To infect cells, the coronavirus must enter them, deliver its genetic instructions in the form of RNA, and hijack the body’s molecular machinery to build new copies of itself. The infected cell becomes a virus factory, reading the virus’s genetic code and churning out the proteins it needs to replicate and spread.

Remdesivir, molnupiravir and Paxlovid are the only antiviral drugs for COVID-19 that have been FDA-approved or are in line for approval. They work by binding to viral proteins. But Hargrove and colleagues are taking a different approach. Amilorides take aim at the viral genome itself, and not just its linear sequence, but the complex three-dimensional structures the RNA strand folds into.

When the pandemic started the team was already investigating a potential drug candidates to fight another RNA virus — Enterovirus 71, a common cause of hand, foot and mouth disease in children. They had identified a class of small molecules called amilorides that can bind to hairpin-like folds in the virus’s genetic material and disrupt viral replication.

To see if the same compounds could also work against coronaviruses, the team tested 23 amiloride-based molecules against another, far less deadly coronavirus responsible for many common colds. They identified three compounds that, when added to infected monkey cells, reduced the amount of virus within 24 hours of infection without causing collateral damage to their host cells. These compounds also showed greater effects at higher doses. The researchers got similar results when they tested the molecules on cells infected with SARS-CoV-2, the virus that causes COVID-19.

Further work showed that the molecules stopped the virus from building up by binding to a site in the first 800 letters of the viral genome. Most of this stretch of RNA doesn’t code for proteins itself but drives their production.

The region folds in on itself to form multiple bulges and hairpin-like structures. Using computer modeling and nuclear magnetic resonance spectroscopy, the researchers were able to analyze these 3D RNA structures and pinpoint where the chemical compounds were binding.

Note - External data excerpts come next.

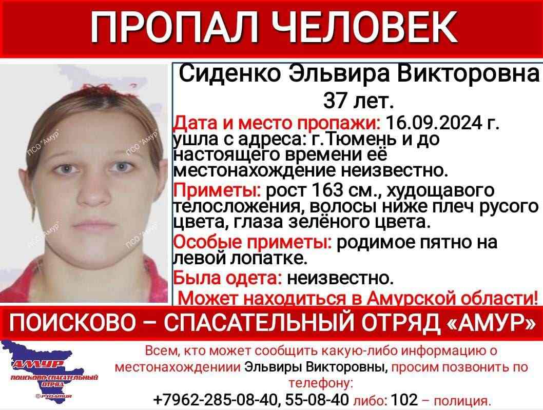 37-летняя Эльвира Сиденко пропала в Тюмени 16 сентября нынешнего года. Местоположение женщины до сих пор не установлено. Об этом сообщили в поисково-спасательном отряде «Амур». Поисковики отметили, что Эльвира может находиться...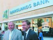 Her ses Djurslands Banks bestyrelsesformand Erik Nymann (t.v.) og bankens direktør Ole Bak i forbindelse med offentliggørelsen af bankens nye logo i september. Det seneste kvartalsregnskab viser, at banken styrer mod et super-flot årsresultat for 2005.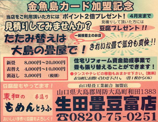 周防大島町商工会のポイントカード 金魚島カードに新しい加盟店が加わりました。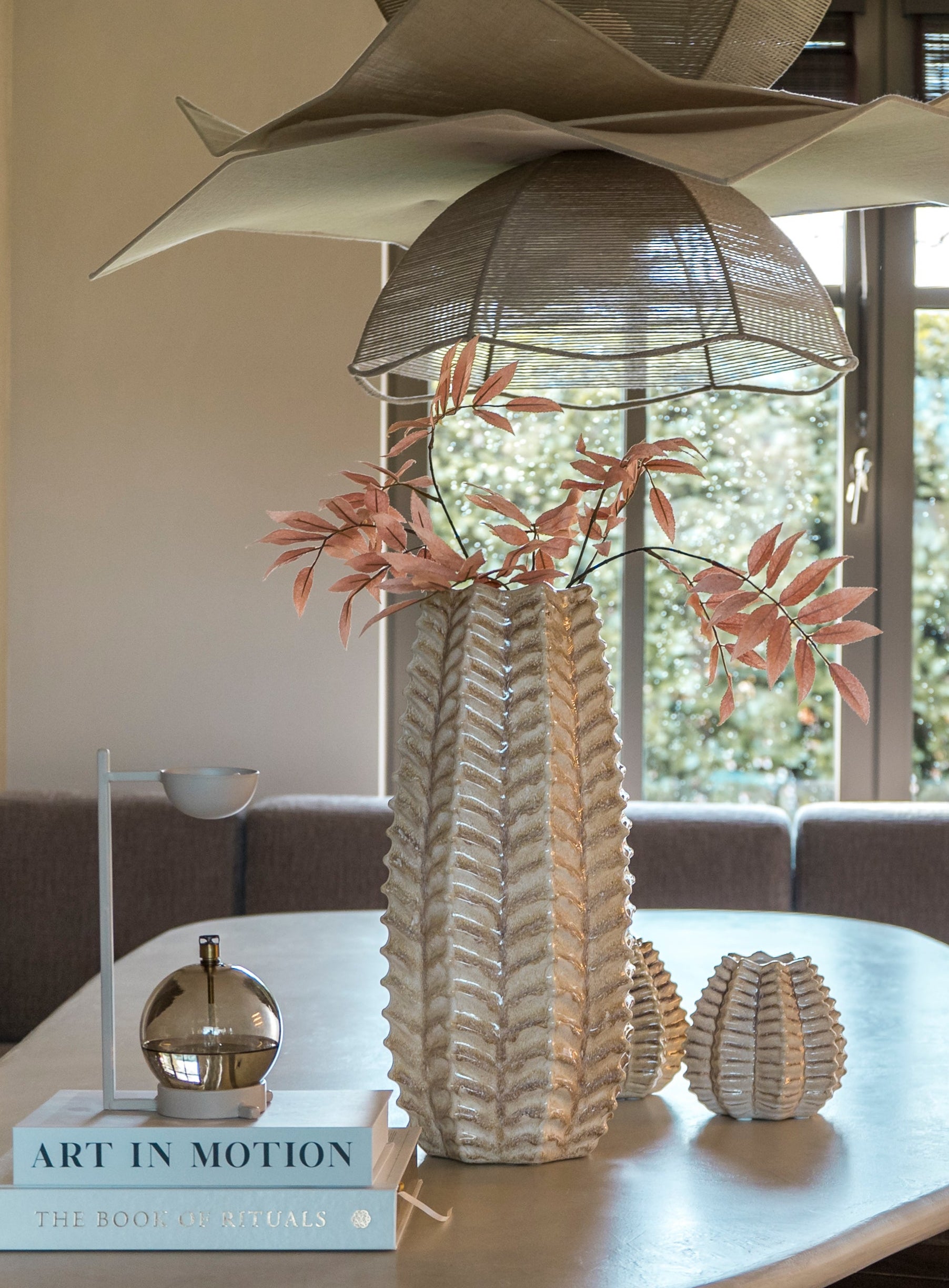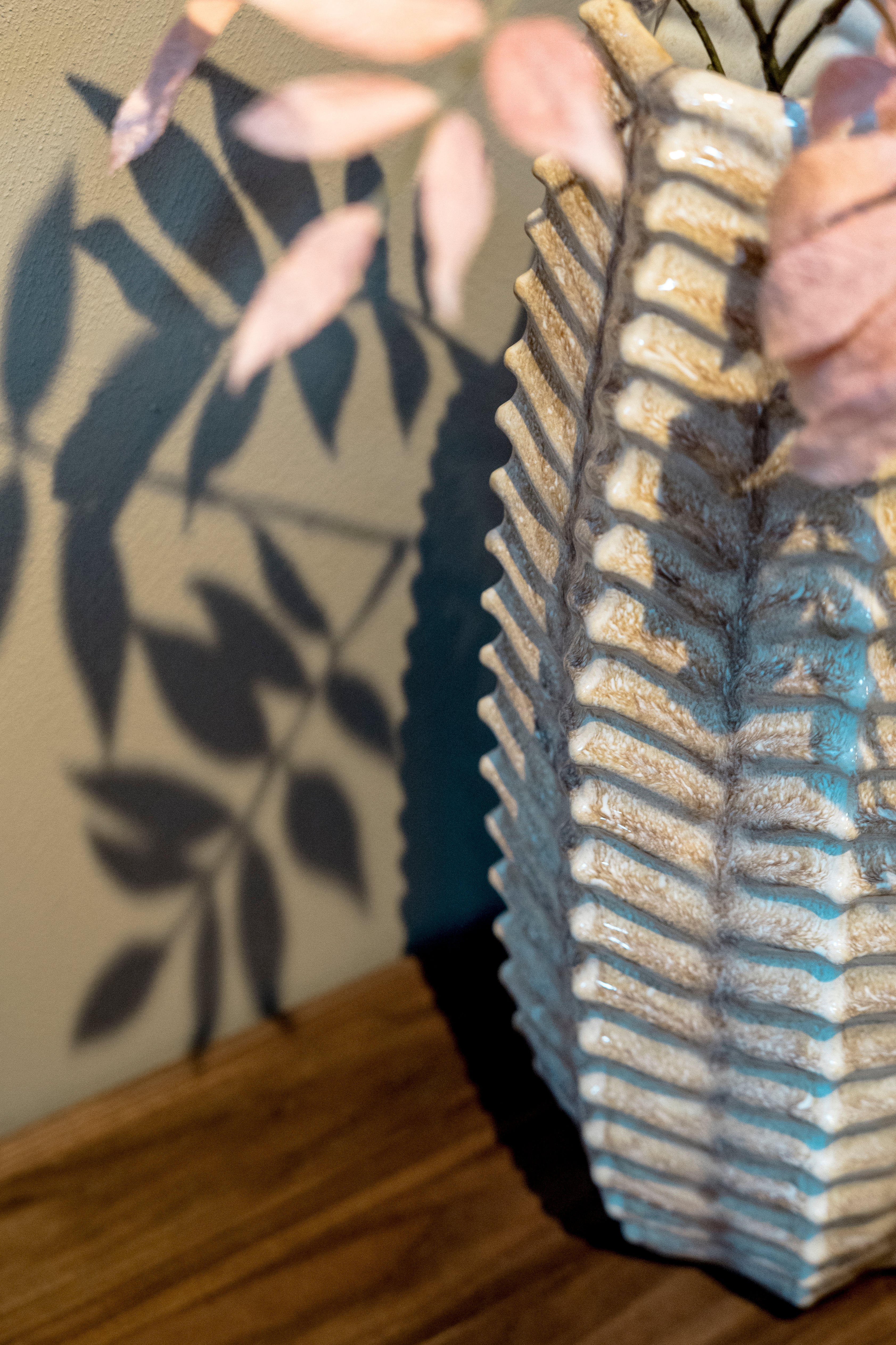 Bring the calming waves of the ocean inside with our champagne-coloured "Sandy Wave" ceramic vase, inspired by the beach theme. Available in two sizes, this beautiful and unique item offers a sophisticated addition to any interior. The organic waves and subtle sheen of the ceramic create a serene and elegant look. Combine this vase with its different sizes or mix and match with our other champagne-coloured oil lamps for a complete and harmonious decor. Let your home shine with the soothing beauty of the coast with this "Sandy Wave" vase.

Hargrove is hopeful about the applications for these types of molecules. The first small-molecule drug that works by binding to non-ribosomal RNA directly, rather than proteins, was just approved by the FDA last August to treat spinal muscular atrophy. “So while there are lots of challenges, it’s not impossible,” Hargrove said.

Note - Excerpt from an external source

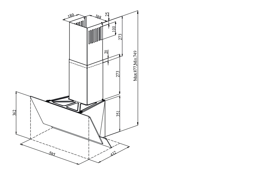 Описаниевытяжка наклонная, 60 см, 700 м3/ч, белый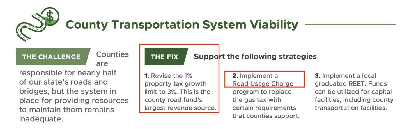 Increasing the county-road levy cap to 3% and adding a mileage fee for drivers.

The researchers determined that the loops and bulges of RNA they identified have remained essentially unchanged by evolution across related coronaviruses in bats, rats and humans, including the ones that caused the SARS and MERS outbreaks. That means the team’s method might be able to fight more than just SARS-CoV-2, the virus that causes COVID-19.

“This is a new way to think about antivirals for RNA viruses,” Hargrove said.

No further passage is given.